News for Queer Women

Clerk Who Refused To Issue Marriage License To Gay Couples Now Asks SCOTUS To Overturn Landmark Same-Sex Marriage Ruling

Kim Davis was jailed for denying gay couples their rights, now she’s on a mission to overturn Obergefell v. Hodges.

Featured image: Sept. 8, 2015: Kim Davis waves to supporters at a rally in front of Detention Center (Photo by Ty Wright/Getty Images)

In 2015, citing “God’s authority“, Kim Davis refused to issue marriage licenses to gay couples in defiance of SCOTUS’ ruling that legalized same-sex marriage. Married at least three times herself (by some accounts, four), the former Kentucky County Clerk was put behind bars in contempt of court after refusing to follow a federal judge’s order. Six days later, she emerged from the jail to the unauthorized use of the song, “Eye of the Tiger”. The self-described devout Christian was met with cheers and a sea of white crosses waved in her honor.

“How ironic that God would use a person like me, who failed so miserably at marriage in the world, to defend it now,” Davis said then. “The Lord picks the unlikely source to convey the message.” 
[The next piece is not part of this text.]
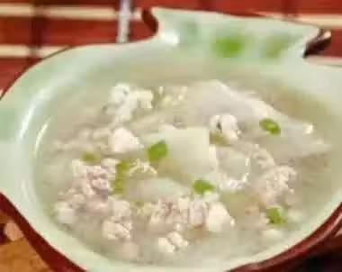 材料:冬瓜一斤、薏仁三兩、瘦豬肉六兩、陳皮一小塊、生薑一片。

Now, a decade later, Davis still fancies herself a messenger and is seeking stone cold retribution. With the help of evangelical-based Liberty Counsel, a Southern Poverty Law Center designated anti-LGBT hate group, she has petitioned the U.S. Supreme Court to hear her case. Davis is appealing the $100,000 jury verdict for “emotional damages” incurred after being ordered to pay the couple whose rights she had violated, plus $260,000 for attorneys fees. And to live up to her reputation as being everyone’s nightmare (everyone being anyone who understands the concept of liberty for all), Kim Davis is asking the justices to throw out the milestone ruling that gave same-sex couples the legal right to wed. 

It’s been ten years since that momentous day when marriage rights were extended to same-sex couples across the United States. A hardwon victory that many thought not possible. The latest development marks the first time that the high court has been formally asked to reverse that milestone decision in Obergefell v Hodges. In the past, lower courts had dismissed the ex-clerk’s claims. Now the justices must weight whether to take up a case that could decimate marital equality.

In a Petition for Writ of Certiorari (legalese for the ask to review a case), Davis is filing against the couple who had sued her, David Moore and David Ermold. Her attorney asserts that the Court’s decision in Obergefell was grounded in “erroneous fiction” and that “the mistake must be corrected.” It goes on to say that Obergefell was “egregiously wrong”  and “deeply damaging.”

The petition reads like an ode of sympathy to Kim Davis. “Davis may have been one of the first victims of th[e] Court’s cavalier treatment of religion in its Obergefell decision, but she will not be the last.” Her lawyer contends that “This flawed opinion has produced disastrous results leaving individuals like Davis “find[ing] it increasingly difficult to participate in society without running afoul of Obergefell.”

Of course many saw this day coming. It just wasn’t entirely clear who would carry the torch toward the next target after Roe v. Wade.

William Powell, Senior Counsel at Georgetown University’s Institute for Constitutional Advocacy and Protection, is representing Ermold and Moore. “We are confident the Supreme Court, like the court of appeals, will conclude that Davis’s arguments do not merit further attention,” he has publicly stated. We certainly hope that the law is settled. Nonetheless we’re on high alert.

“It is abominable that we are having to revisit this, and that the Supreme Court would even hear this,” activist Robin Tyler shares with GO. “If they can reverse a civil right called ‘marriage’, they can reverse every civil right. Will Scotus go after interracial marriage next?” Tyler, along with the late Diane Olson were the first same-sex couple to sue the state of California for the right to marry, paving the way for innumerable others. When the Supreme Court heard the federal marriage case in 2015 (Obergefell v. Hodges), Tyler and Olson were the first to be given tickets to attend. “This is a very dangerous time,” she adds. “We are not a passive community and if they go to reverse this civil right, they will clearly understand that.”